June 24 - I complained to my extended family two days ago that I can't sleep, can't breathe, can't drink, and can't eat. What more basic functions are there that a person needs to live? Actually, it isn't that I can't. The problem seems to be that the tumors have grown so large that there is more total volume of organs and tumor in the chest and abdomen than I have room for. That's why I always feel like I've just gotten up from Thanksgiving dinner and so don't feel like eating or drinking and can hardly expand my lungs to breathe. I will have oxygen available here at home starting tomorrow. We saw the doctor today and he said that I probably have just a few weeks left. But I continue working in my vegetable garden with Barbara's help, and it is coming along beautifully. Calls or visitors are welcome.

July 28 - My weight is slowly going down as I lose muscle mass, and I can no longer work in my garden. But the garden is booming and gave us wonderful broccoli, kohlrabi, lettuce and radishes. Now we're shifting to peas, beans, cucumbers and zucchinis. In recent days, I don't notice myself getting worse, so I look forward to some more weeks with a little enjoyment.

A Brief History of My Cancer
During the 2003 ski season I found myself gasping for breath with only moderate exercise. When the season was over, doctors found that I was anemic and discovered a bleeding cancerous tumor in my colon which was removed surgically in March 2003. The surgeon determined to his satisfaction that he had gotten it all out cleanly and the lab found no cancer in the lymph nodes that he had removed so he suggested no further therapy (no chemo or radiation).

I then enjoyed eight very happy years, filled with skiing, bicycling, gardening, web site maintenance, and traveling, before doctors discovered that apparently the tumor had not been removed without some tiny part escaping and landing in my liver (perhaps even before the surgery).

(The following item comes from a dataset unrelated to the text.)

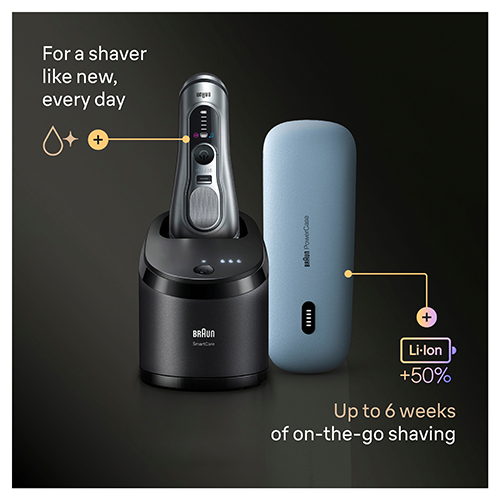 This model includes two premium accessories: the 6in1 SmartCare Center, which cleans and charges your shaver for peak performance, and the PowerCase, a mobile charging case that offers up to 6 weeks of shaving with 90 minutes of backup power.
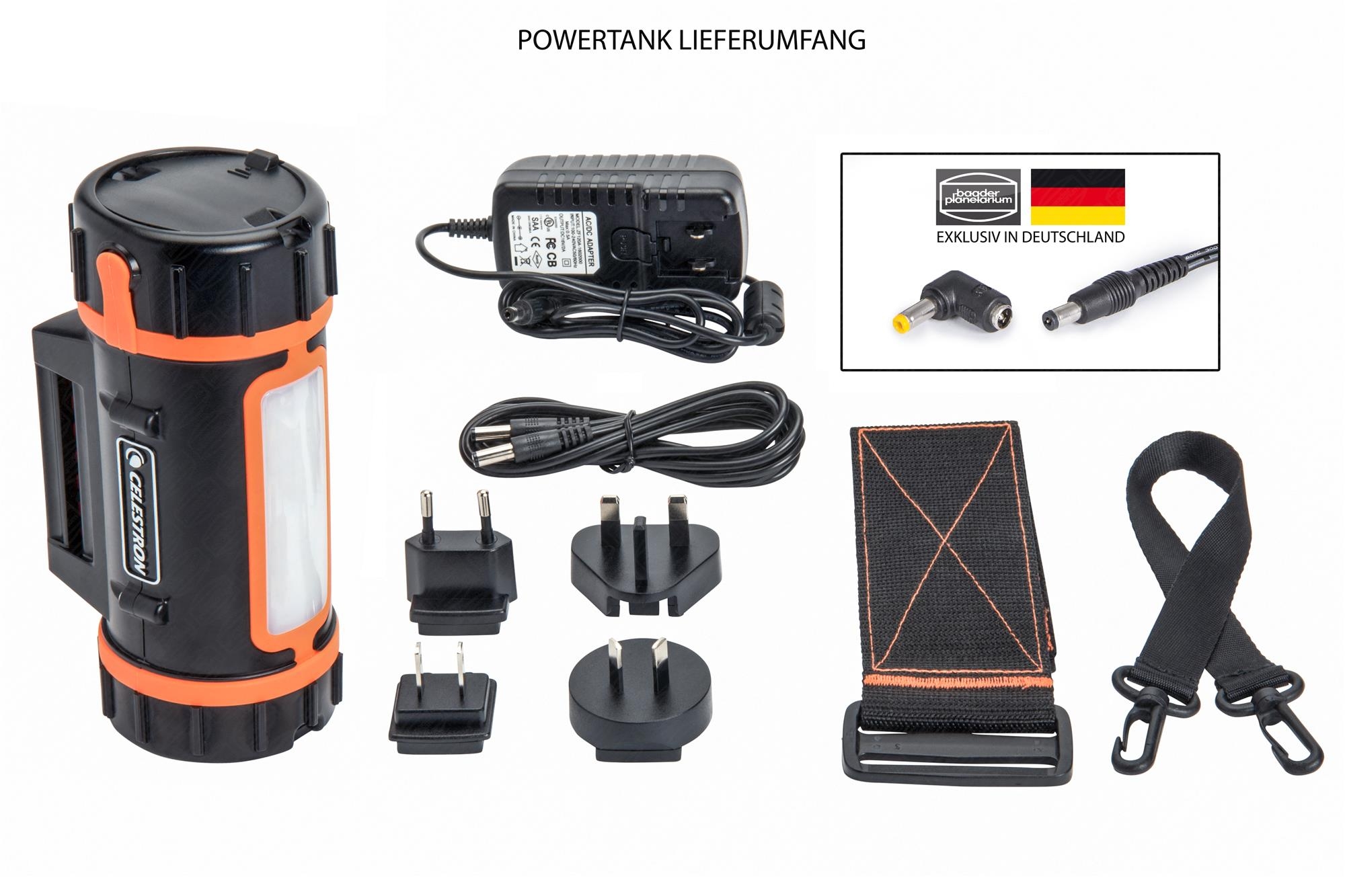 Pouze tie nádrže Celestron PowerTanks, ktoré sa vyrábajú pre nemecký trh, sa dodávajú s uhlovou zástrčkou Protective Disconnect, ktorá znižuje riziko poškodenia, ak niekto zakopne o kábel.Takisto exkluzívne pre Nemecko sú výstražné nálepky, aby ste omylom nepripojili výkonnú nabíjačku PowerTanks k montáži a nezničili elektroniku montáže.

By 2011 I had a huge tumor on my liver which could not be dealt with by surgery. All they could do was use chemo-therapy to try to slow it down, and so they did, for more than six months from fall 2011 to spring 2012. By then the liver tumor had shrunk and the lung spots were gone so, because I didn't tolerate the chemo very well, the doctor stopped it for a few months so I could enjoy the summer.

By late summer of 2012, we discovered that, with no chemo to hold it back, the cancer was progressing rapidly, so starting in fall 2012 and extending over more than a year, I had four injections of radioactive Y-90 microbeads, plus two or three new chemo products. The doctor assured us that colon cancer tends to spread only to the liver and lungs and by this time it had visited both.

In early spring 2014 a scan showed that the chemo was not holding back the spread and growth of tumors in my lungs but that the chemo was doing further damage to my liver. I was also suffering several modest side effects so we agreed with the doctor to terminate all treatment and to try to enjoy my remaining months. The doctor's experienced estimate is that I have just a few months left.

Please don't pity me. I'm 76 and have enjoyed a very good life, and a great part of that good life was my 31 years in the SUNY Plattsburgh Mathematics Department. There was never a morning that I wasn't eager to walk down to the College and try to help students learn mathematics.